If you’re paying attention, you might have just noticed that minors generally can’t enter into legally enforceable contracts on their own behalf. Children’s brains are still developing, and we shouldn’t hold them to adult expectations. But, we certainly can embrace contractual principles to solve problems between our minor children. Additionally, kids can learn about fairness and equity from an early age. Since using negotiations and contracts with my own children, I have noticed a profound change in their logic abilities. Most importantly, sibling rivalries have gone way down!

Now let’s continue to unpack how this all went down. I first physically separated the Plaintiff and Defendant, ignoring all allegations and plain view evidence of assault. The contract was the singular matter at hand. A criminal tribunal would handle the other matters. I seated the parties on opposite sides of the hallway — an impartial venue. Then, I gave the Plaintiff and Defendant an opportunity to make their cases.

There was no four-cornered document to reference. Without a written instrument, I would need to rely on any oral agreements. There had also been no witnesses to the incident. The middle sister did offer support to both parties. However, the middle sister was promptly dismissed as she could only offer inadmissible character testimony. Neither Plaintiff nor Defendant had personal phones or emails, leaving no trace of written messages to examine.

Unsurprising to any parent out there, two wildly different stories emerged about “the agreement,” giving indication that there was no meeting of their minds. But, key details also surfaced. First, testimonies corroborated that without the exchange, the Plaintiff would be excluded from future games. Could this be a threat? What would a reasonable four-year-old have done under the circumstances? Second, the gum had a bite mark in it. Did gum come with an implied warranty of being unchewed? Finally, would any child in their right mind trade new birthday presents for gum? I suppose we all know the answer to that question.

The holding in Paarlberg v. Paarlberg is that the verbal contract was void ab initio on the basis of duress, i.e., the threat of exclusion. Since the contract never happened, all items were returned to the original owners. The most important result came with policy changes. Any future exchange of goods or services between minors must be accompanied by a written, enforceable contract, notarized by a parent and written in pen, crayon or marker.
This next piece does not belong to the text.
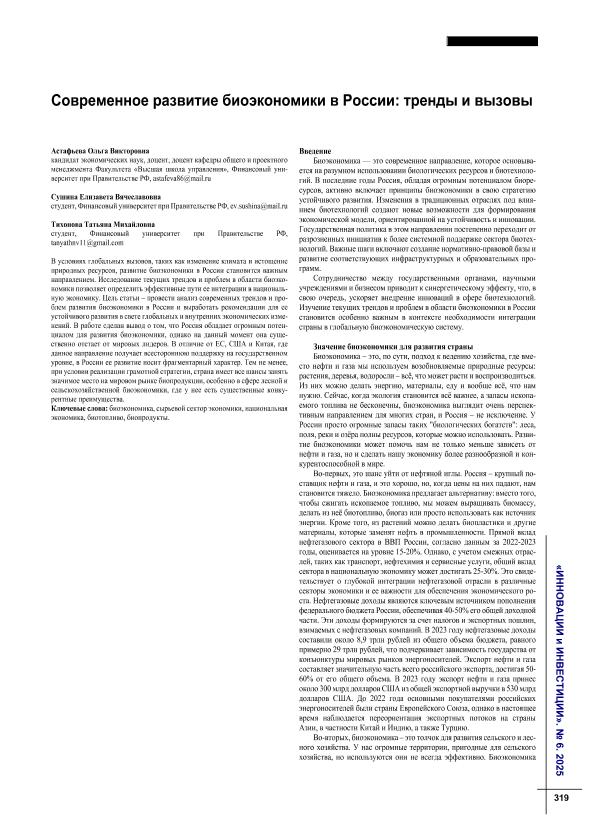 Астафьева, О.В. Современное развитие биоэкономики в России: тренды и вызовы / О.В. Астафьева, Е.В. Сушина, Т.М. Тихонова // Инновации и инвестиции. – 2025. – № 6. — С. 319-321. — Только в электронном виде. — <URL:http://elib.fa.ru/art2025/bv1743.pdf>.

Pencil can be easily tampered when nobody’s looking. All disputed matters are resolved before the non-notary parent.

Accountants and financiers, you might wonder about recordkeeping obligations. You can personalize your own statute of limitations without regard for state law. Ours have a one-week shelf life, after which the shredder is fair game. Typically, the traded items are long missing under a forgotten pile of toys by then. We may revisit records as the children get older, and items are more valuable. For children possessing an elephant’s memory, you might consider investing in a file cabinet adjacent to your tax records, color coded by child. A matching Excel sheet to track and locate files might help access documents more quickly during a dispute.

Feeling pumped? Diplomacy, fair negotiations and contracts have minimized the bickering in our home. In fact, exchanges made under written contract have resulted in zero fights. Reflecting on intentions, benefits and fairness before making a promise can go a long way. We still have the odd fight when exchanges are not reduced to writing. But, thoughtfulness now underlies most of these child-centered decisions. So before you encounter the next outburst, give your new parental magic a try. You might be pleasantly surprised.

*Some facts and circumstances may have been changed or exaggerated for demonstrative purposes.